The Federal Drug Administration (FDA) continues its collaboration with standards organizations, federal partners, professional societies, patient advocacy groups, individual patients and other stakeholders on an important patient safety issue—reducing the chance of medical device misconnections. Such coaction aims for a result that ensures patient safety and facilitates the availability of products that work for various patient populations, uses and care environments.
Inspired by continued reports of misconnections with enteral devices, in September the FDA issued a letter to enteral feeding tube manufacturers and distributors, healthcare professionals and hospital purchasing departments recommending that hospitals and clinicians use enteral devices with connectors that meet the ISO (International Organization for Standardization) 80369-1 or ISO 80369-3 standard, or that are otherwise designed to reduce the risk of misconnections.

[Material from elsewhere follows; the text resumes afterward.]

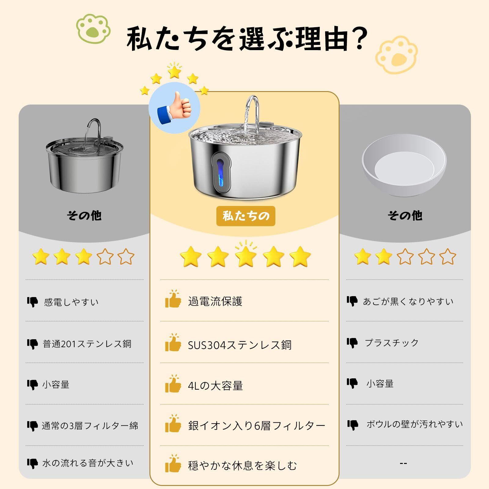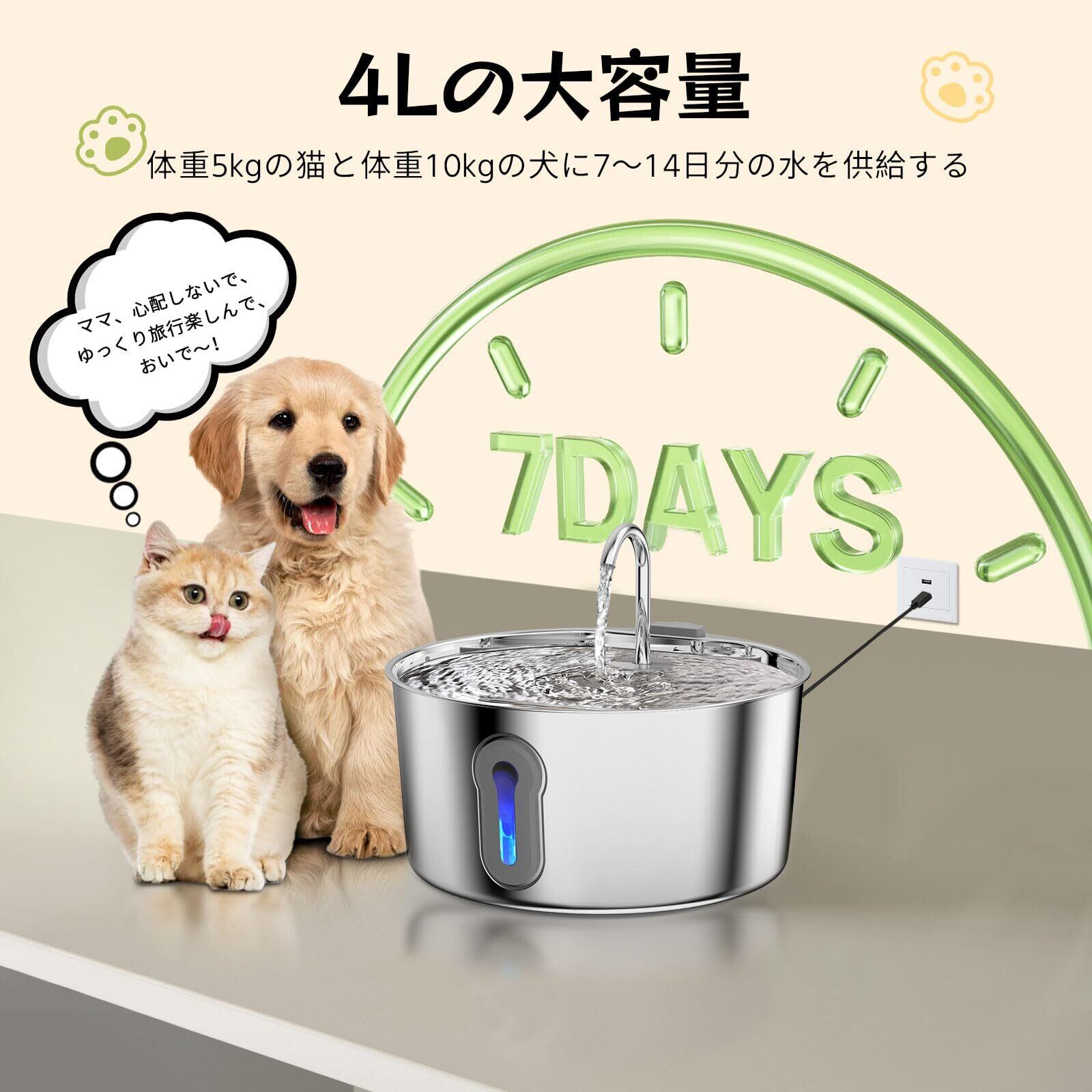 【2025新登場|4L大容量|銀イオン6層フィルター綿】GERYTOR 猫 給水器 猫 水飲み器 犬 水飲み器 自動給水器 猫 ステンレス製 ペット 水飲み器 ペット給水器|LEDライト付き USB給電式 静音 循環式浄水 節電設計|猫 犬 鳥用 多頭飼い/お留守番対応(純正フィルター2枚付)水洗い可能 ペット用品

In the two-page letter published on the FDA website, the director of the office of device evaluation indicates that misconnections between enteral devices and other medical devices, such as tracheostomy tubes, have been associated with patient deaths and serious injuries. The FDA is also concerned that many misconnections are either severely underreported, fail to be reported at all or are misreported as medication errors.
For the first time since its 2009 involvement in an international effort to develop and implement standards for noninterchangeable connectors for small bore medical connectors, the FDA’s recent document has strong recommendations for manufacturers, two of which include:
• Implement design changes to meet the ISO standards to reduce the likelihood of errors and provide safeguards for safe use of these devices and products.
• Implement an appropriate strategy that will lead to the eventual removal of legacy devices that have an increased risk for misconnection.